The following formula returns the version number consisting of major version, minor version, and patch release into a single numerical value:
MAJOR_VERSION * 10000 + MINOR_VERSION * 100 + PATCH_RELEASE
System information functions
bdr.get_relation_stats
Returns the relation information.
bdr.get_subscription_stats
Returns the current subscription statistics.
System and progress information parameters
PGD exposes some parameters that you can query directly in SQL using, for example,
SHOW or the current_setting() function. You can also use PQparameterStatus
(or equivalent) from a client application.
bdr.local_node_id
When you initialize a session, this is set to the node id the client is connected to. This allows an application to figure out the node it's connected to, even behind a transparent proxy.

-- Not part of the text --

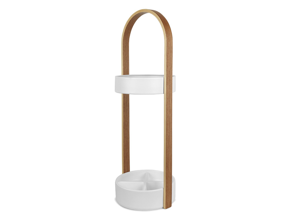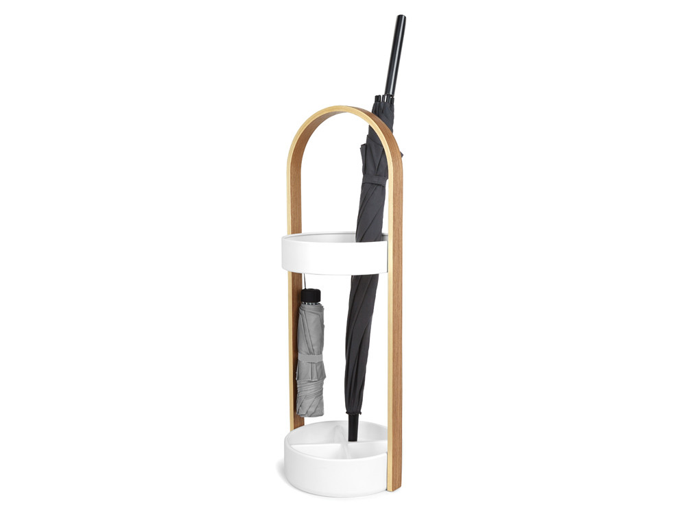 Oryginalny podłogowy wolnostojący stojak na parasole z okrągłą szczelną podstawą odporną na niekorzystne działanie wody. Stojak z elementami metalowymi w kolorze białym oraz drewnianym giętym uchwytem w kolorze naturalnego drewna.

It's also used with Connection pools and proxies.
bdr.last_committed_lsn
After every COMMIT of an asynchronous transaction, this parameter is updated to
point to the end of the commit record on the origin node. Combining it with bdr.wait_for_apply_queue,
allows applications
to perform causal reads across multiple nodes, that is, to wait until a transaction
becomes remotely visible.
transaction_id
If a CAMO transaction is in progress, transaction_id is updated to show
the assigned transaction id. You can query this parameter only by using
using PQparameterStatus or equivalent, and it isn't accessible in SQL.
See Application use
for a usage example.
Node status functions
bdr.is_node_connected
Synopsis
bdr.is_node_connected(node_name name)
Returns boolean by checking if the walsender for a given peer is active on this node.
bdr.is_node_ready
Synopsis
bdr.is_node_ready(node_name name, span interval DEFAULT NULL)
Returns boolean by checking if the lag is lower than the given span or
lower than the timeout for TO ASYNC otherwise.
Consensus function
bdr.consensus_disable
Synopsis
bdr.consensus_disable(node_group_name text DEFAULT NULL)
Disables the consensus worker on the local node until server restart or until
it's reenabled using bdr.consensus_enable (whichever happens first).
The node_group_name parameter is accepted for interface consistency but is
currently a placeholder. The function disables the consensus worker
database-wide, affecting all Raft instances on the node regardless of the value
passed.
Warning
Disabling consensus disables some features of PGD and affects availability of the EDB Postgres Distributed cluster if left disabled for a long time. Use this function only when working with Technical Support.
bdr.consensus_enable
Synopsis
bdr.consensus_enable(node_group_name text DEFAULT NULL)
Re-enables a disabled consensus worker on the local node.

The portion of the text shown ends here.